REGIONS SMOKERS CAN STILL LIGHT UP - No New Rules For Bars And Restaurants, For Now

(12/06/2003)
Smokers who smoke in restaurants and bars in Calhoun and the region can carry-on as usual, at least for a while.

The push toward clean air will continue with the recognition of health problems caused by smoking, says Gary Hamilton, the Director of the Mid-Ohio Valley Health Department in Parkersburg.

Hamilton says the region's fourteen member board has yet to embark on creating newer regulations regarding indoor smoking.

Hamilton said the MOVHD was among the first public health agencies in West Virginia to implement clean air rules ten years ago.

Carrie Brainard, a smoking cessation specialist, is the department's educator and "pulse taker" in the six-county area covered by the agency. Hamilton said Brainard is making a major effort to help people understand the risks of smoking and inhaling second-hand smoke.

However, newer no smoking regulations will be coming to restaurants, bars or public places in towns and counties in West Virginia.
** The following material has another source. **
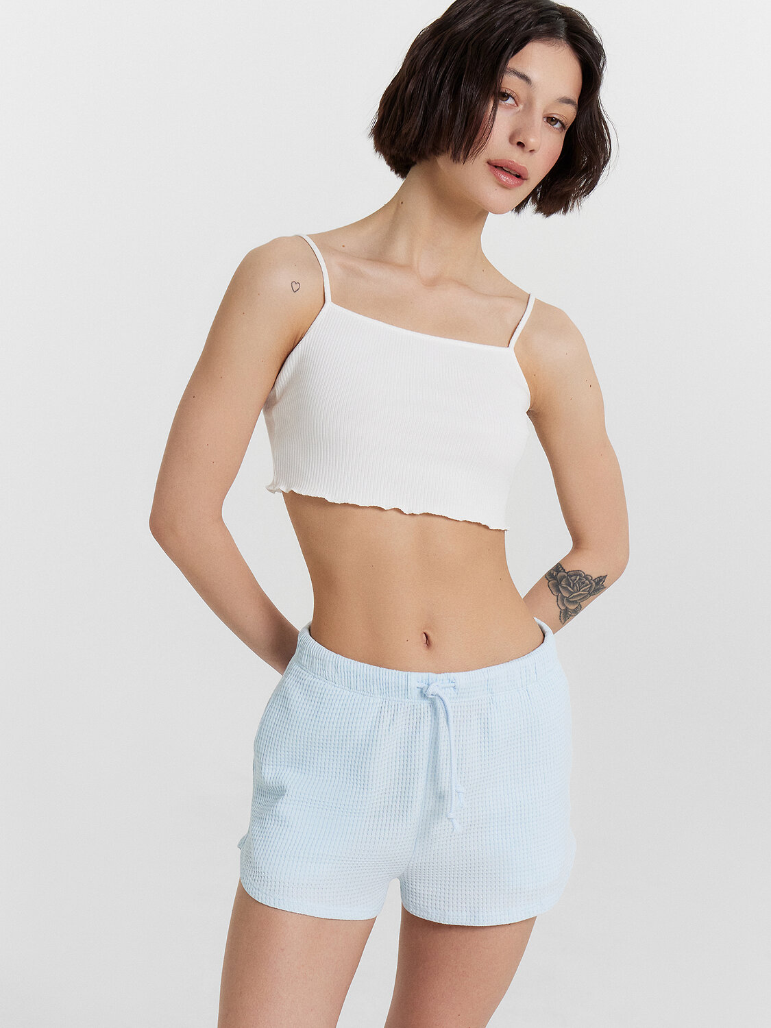 Домашние женские шорты — идеальное сочетание комфорта и легкости! Модель свободного кроя длины мини обеспечивает полную свободу движений, делая ее подходящей для отдыха дома или летних дней. Эластичная талия на кулиске гарантирует удобную посадку, а боковые карманы добавляют практичности, позволяя держать под рукой мелкие предметы. Шорты выполнены из натурального хлопкового материала с вафельной фактурой, который отличается своей мягкостью, воздухопроницаемостью и стильным внешним видом. Низ аккуратно обработан швом в подгибку, что обеспечивает чистую и долговечную отделку. Эта модель станет вашим любимым выбором для создания непринужденного и уютного образа!

The state Supreme Court has unanimously cleared the way for local health boards to ban indoor smoking, validating initiatives already undertaken.

Those "Areas" enjoyed by smokers are becoming a thing of the past in Charleston, Huntington and other localities.

. Eric Duranti, Calhoun Sanitarian, said the "regular rules are still in place" in the Mid-Ohio Valley Health Department's six county region.

"Local restaurants must maintain 75% non-smoking areas," according to Pat Fullmer with the MOVHD in Parkersburg. In this region, all bars are exempt from smoking regulations.

The court's decision was sweeping, declaring that the Legislature gave county health boards the authority to regulate secondhand smoke in most offices and public places.

The justices did not include bingo halls and nursing homes from county health boards' regulations because the Legislature has enacted specific rules allowing those places to decide on smoking.

County health boards lack the power to ban smoking in "a truly and exclusively private office, like one's own home."

Many restaurant and bar owners have complained the new rules will hurt their business.